Lo dijo hace casi setenta años, un año antes de que su mínimo esqueleto fuera agujereado por un fanático. Hoy, los hijos de los hijos de los nietos de esas buenas personas se han multiplicado por diez y forman una legión inmensa de buenos corazones, que siguen el mismo curso de las cosas: ven y cierran los ojos, se estremecen ante una injusticia, vuelven la cabeza al otro lado de las arbitrariedades. No hacen nada.

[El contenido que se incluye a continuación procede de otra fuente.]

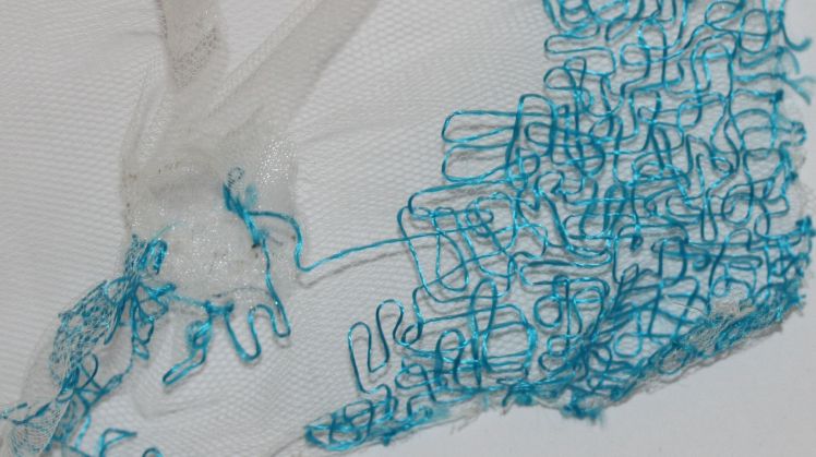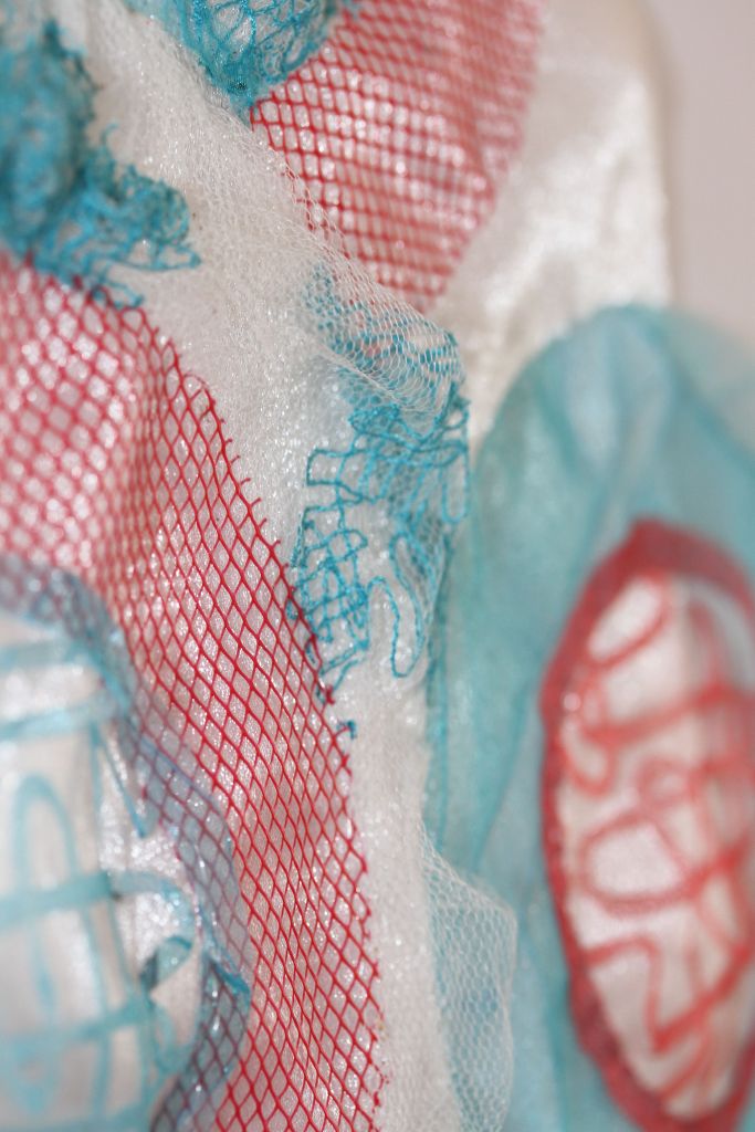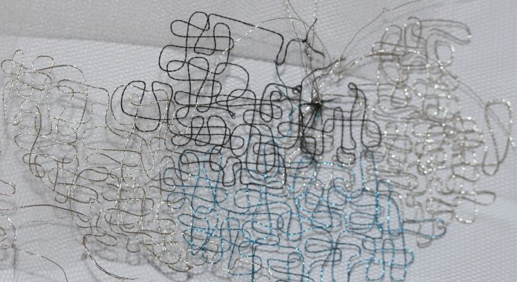 I am extremely pleased with the outcome! It fulfilled my intention of being inspired by my plastic stitched sample, while meeting my remit to maintain a sense of transparency, even fragility, and floating thread work. The three dimensionality of the piece was superior to what I expected to achieve.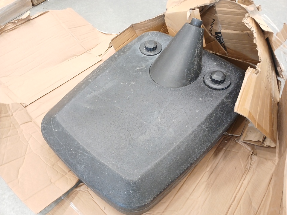 Our item does not come with wheels or an umbrella. This item is dirty from previous use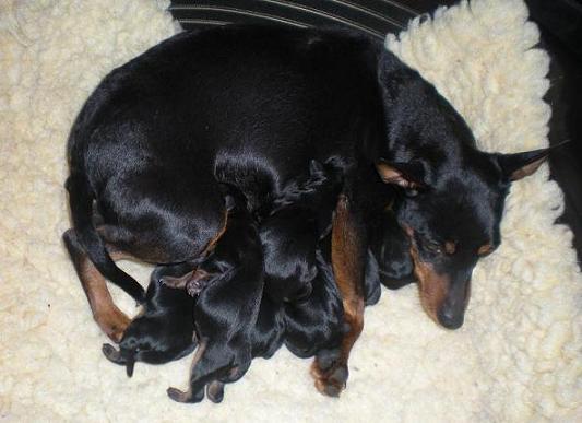 Brizby är själv i en kull på sju valpar men hennes mamma är mycket större. Jag kunde aldrig tro att lilla Brizby kunde få så många valpar.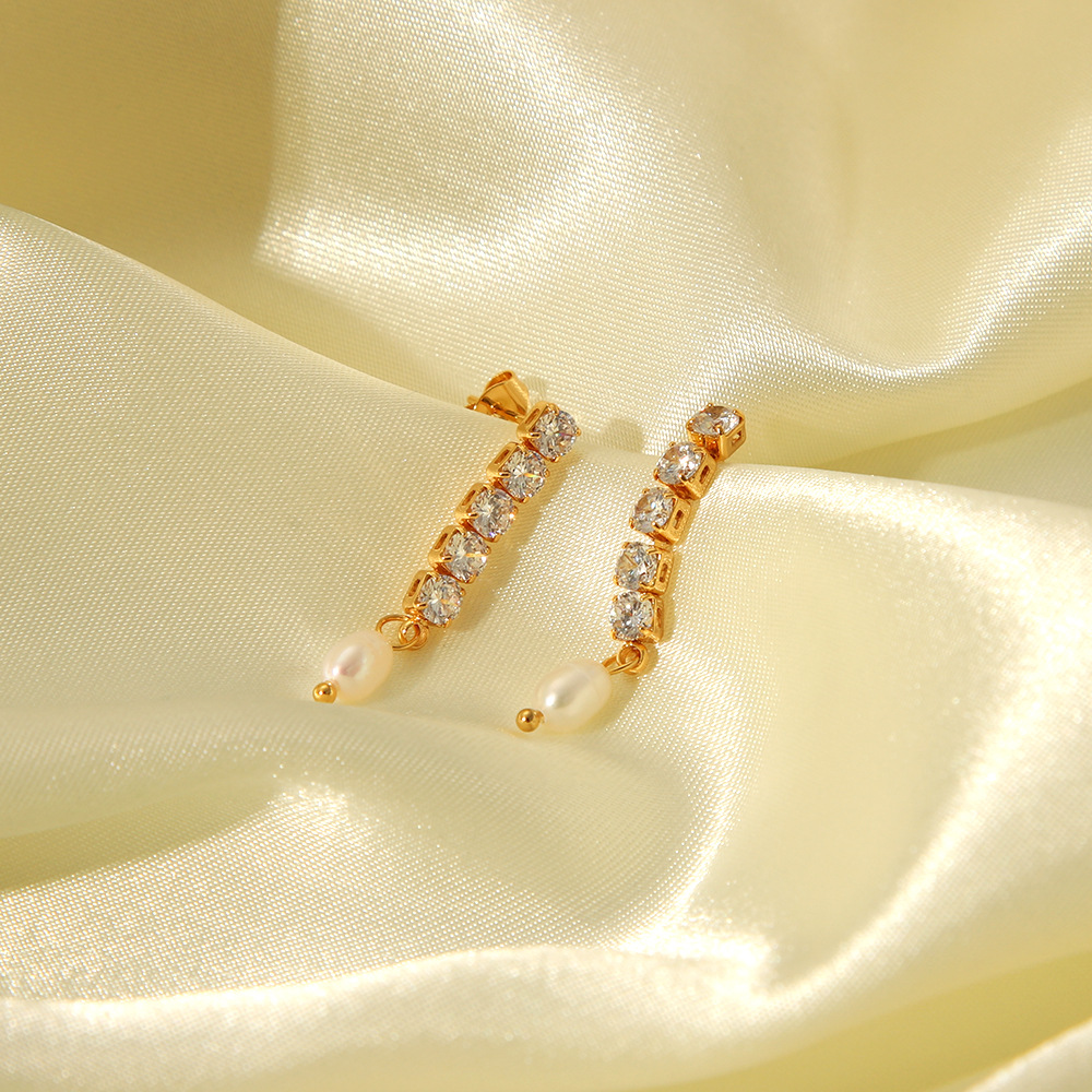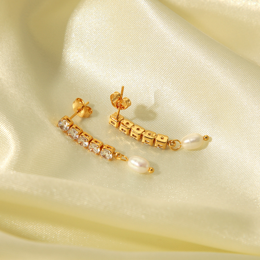 Stylish Freshwater Pearl Earrings - Stainless Steel 18K Gold Zircon Chain Dangles Jewelry for Wholesale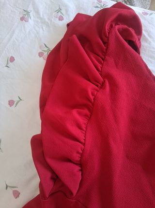 Vestido de fiesta rojo con un diseño elegante y moderno POR SOLO 5€. - Corte asimétrico. - Detalle de volantes. -Una manga si y otra no.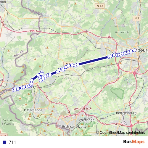 See why over 2 million users trust and consider busmaps.com as the best public transport website. busmaps gives you Luxembourg Buses suggested routes, real-time bus tracker, line route maps in Luxembourg, and helps to find the closest 711 bus stops near you. No internet available? Download an offline PDF map and bus schedule for the 711 bus to take on your trip.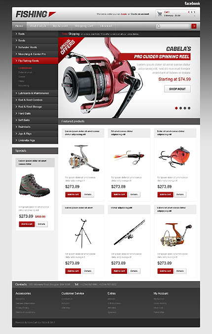 Template Name: Fishing Supplies Item number: 40722 Template Type: OpenCart Author: Hermes Downloads: 3 OpenCart Engine: 1.5.3.1 OpenCart Compatibility: 1.5.3.1 Sources Available: .PSD;.PNG;.PHP;.TPL;.JS Software Required: Adobe Photoshop CS+;Apache Server;Adobe Dreamweaver 8+ (or any php-editor);For uncompressing a template ZIP packag...

En este territorio patrio, en la Hispania fértil que habitaron los romanos y luego los musulmanes, las decenas de millones de impolutos y bondadosos corazones nos hemos acostumbrados al arte de mirar a la esquina contraria sin que se nos cayese el anillo del dedo.
Estamos acostumbrados a ver las cuchillas del dolor tan cerca, que hasta el dolor nos parece un buen vecino. Le saludamos, componemos la mueca más cínica y nos alejamos de allí como si la tragedia viviera muy cerca de Neptuno.
Vivimos en un país de indiferentes cuya sensibilidad se encuentra tan dormida que se olvidó para siempre. Vivimos así, escuchando el silencio fúnebre de las buenas personas y la estridente música que componen los malvados.
Por eso atacamos a quien dice LA VERDAD, a esos pobres locos desarrapados que se asoman al atril de los políticos señalando sin pudor a la horda de fariseos que hemos votado y tanto daño hace con sus mentiras vaporosas. Vivimos muy bien en la cárcel de los cobardes. No molestamos. Somos esos hijos que vieron matar a Gandhi siempre dispuestos a seguir pasando página.